| Instructions to follow |
An image-free, word-for-word version of the records below is to be returned.

| Material for this task |
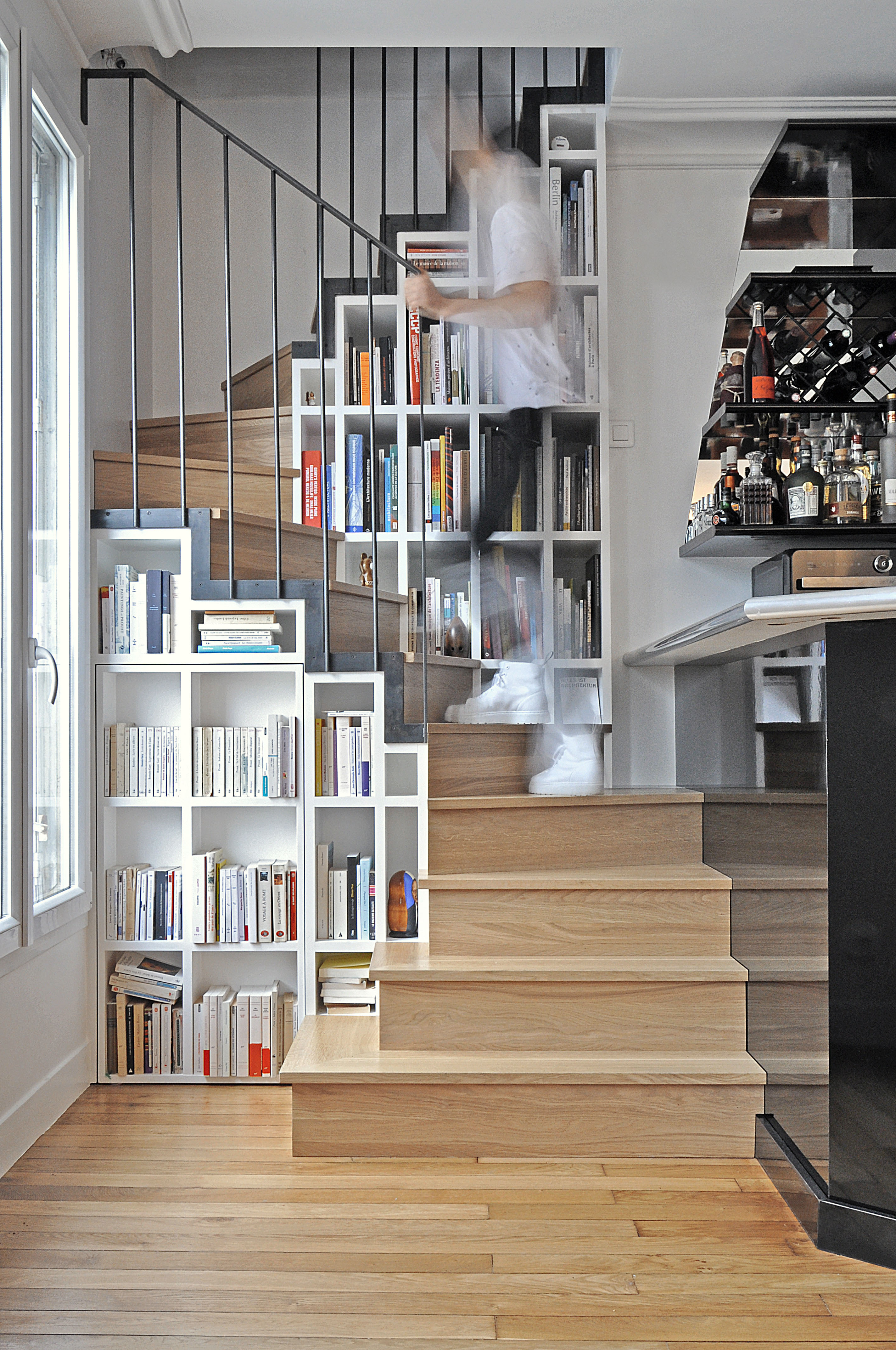 Cet escalier bibliothèque est réalisé sur une structure en MDF peint avec les marches et contremarches en chêne massif. Les garde-corps sont fait sur mesure en acier patiné posés à l’anglaise sur une crémaillère qui souligne la transition entre le chêne et le blanc.
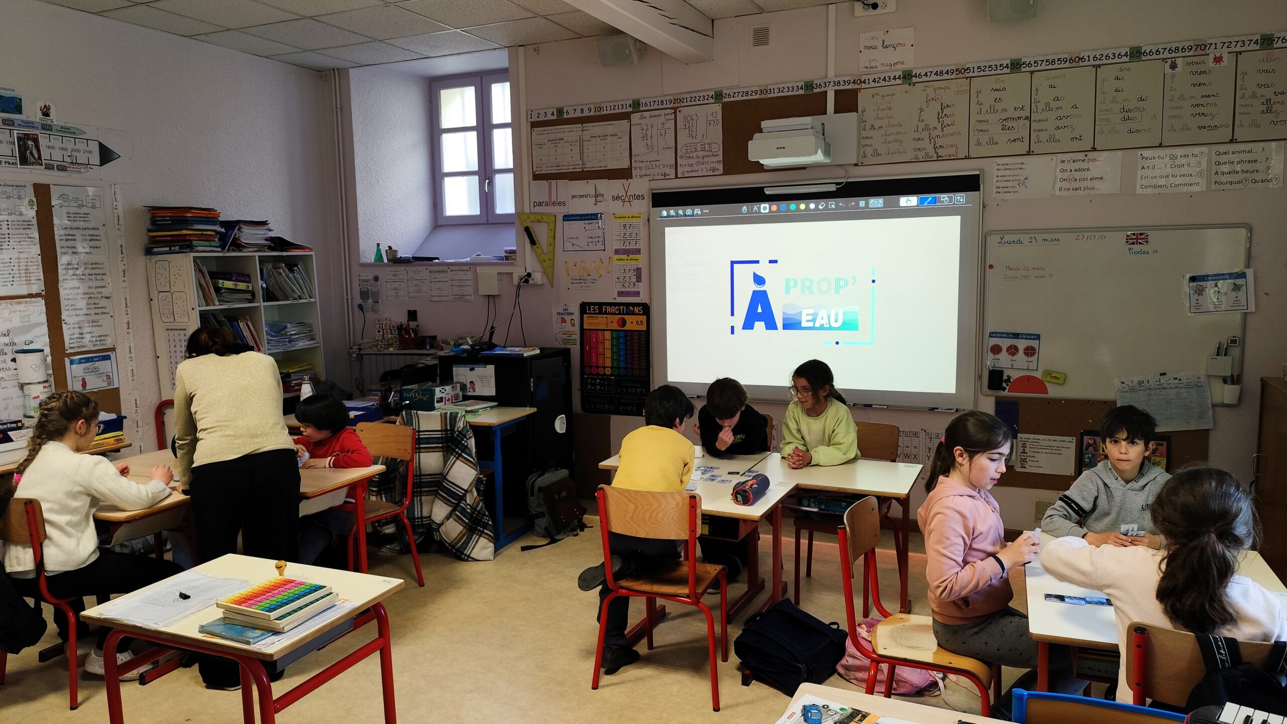 Pour la première séance, le lundi 23 mars, la classe a suivi les aventures de Gougoutte à la rencontre du patrimoine local lié à l’eau. Entre grand et petit cycle de l’eau, cette présentation interactive a, par la même occasion, permis aux enfants de découvrir les photos de l’exposition « Eau, source du patrimoine ». L’après-midi s’est conclu par de petites activités ludiques telles qu’un domino reprenant les photos de l’exposition ou un mémo autour du patrimoine lié à l’eau.
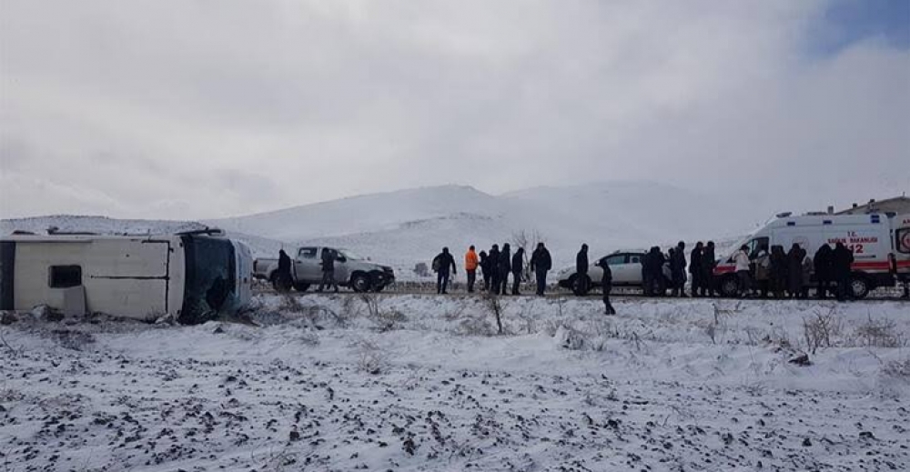 Məlumatda qeyd edilib ki, Adana şəhərinin Erciyes dağına gedən avtobusun sürücüsünün idarəetməni itirməsi səbəbindən nəqliyyat vasitəsi qəzaya uğrayıb
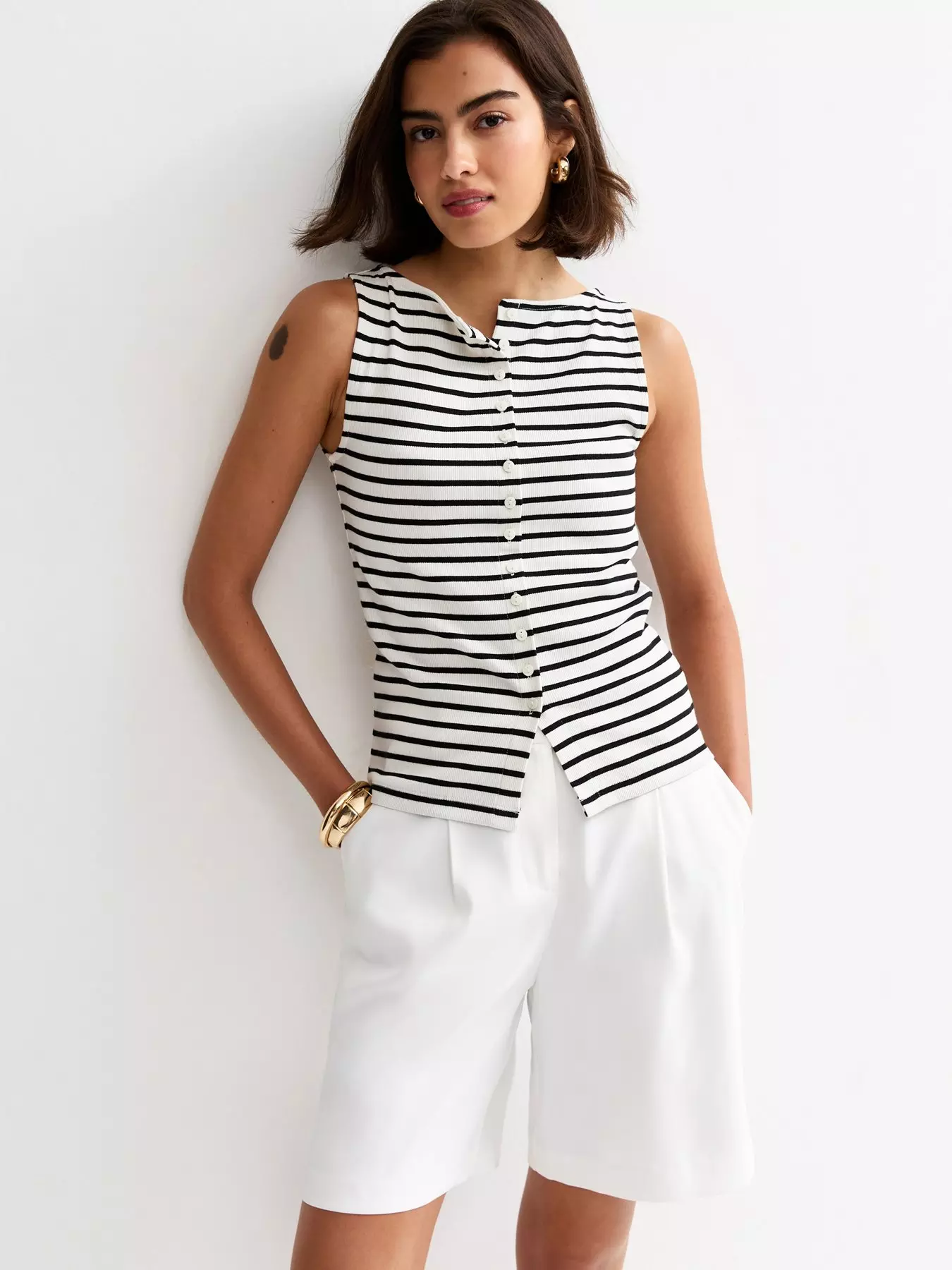 New Look Black Striped Button Through Tank Top
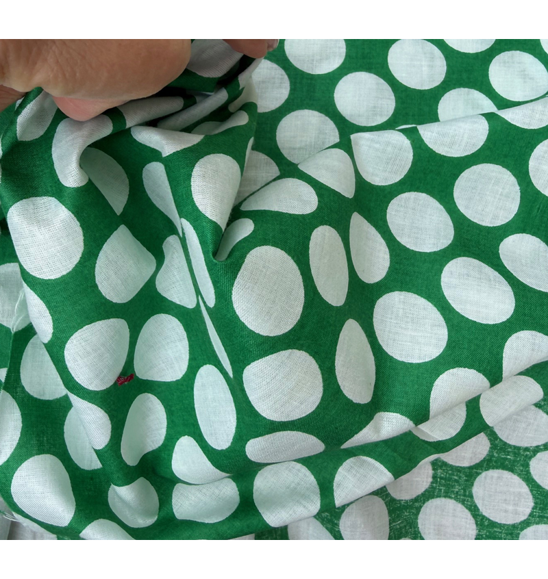 Bellissimo tessuto adatto alla realizzazione di bluse, vesti ampi e freschi, gonne arricciate per la stagione estiva. Questo tessuto ha una stampa irregolare e viene dall'India.
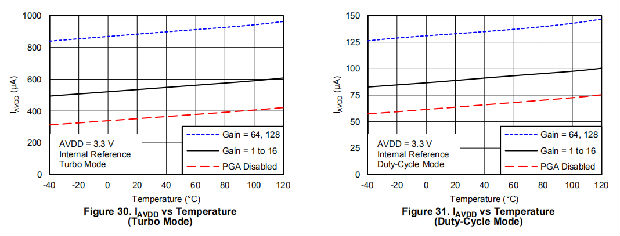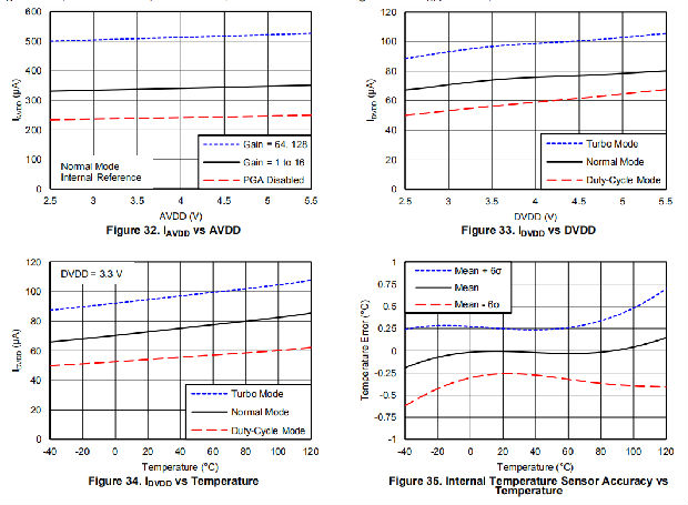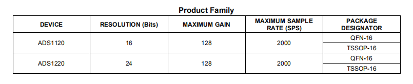 在禁用PGA的占空比模式下工作时,功耗低至120μA。通过模式1 SPI兼容接口建立与设备的通信。ADS1120采用无铅QFN-16或TSSOP-16封装,其温度范围为-40°C至+125°C。

| Output of the exercise |
 Cet escalier bibliothèque est réalisé sur une structure en MDF peint avec les marches et contremarches en chêne massif. Les garde-corps sont fait sur mesure en acier patiné posés à l’anglaise sur une crémaillère qui souligne la transition entre le chêne et le blanc.
 Pour la première séance, le lundi 23 mars, la classe a suivi les aventures de Gougoutte à la rencontre du patrimoine local lié à l’eau. Entre grand et petit cycle de l’eau, cette présentation interactive a, par la même occasion, permis aux enfants de découvrir les photos de l’exposition « Eau, source du patrimoine ». L’après-midi s’est conclu par de petites activités ludiques telles qu’un domino reprenant les photos de l’exposition ou un mémo autour du patrimoine lié à l’eau.
 Məlumatda qeyd edilib ki, Adana şəhərinin Erciyes dağına gedən avtobusun sürücüsünün idarəetməni itirməsi səbəbindən nəqliyyat vasitəsi qəzaya uğrayıb
 New Look Black Striped Button Through Tank Top
 Bellissimo tessuto adatto alla realizzazione di bluse, vesti ampi e freschi, gonne arricciate per la stagione estiva. Questo tessuto ha una stampa irregolare e viene dall'India.
 在禁用PGA的占空比模式下工作时,功耗低至120μA。通过模式1 SPI兼容接口建立与设备的通信。ADS1120采用无铅QFN-16或TSSOP-16封装,其温度范围为-40°C至+125°C。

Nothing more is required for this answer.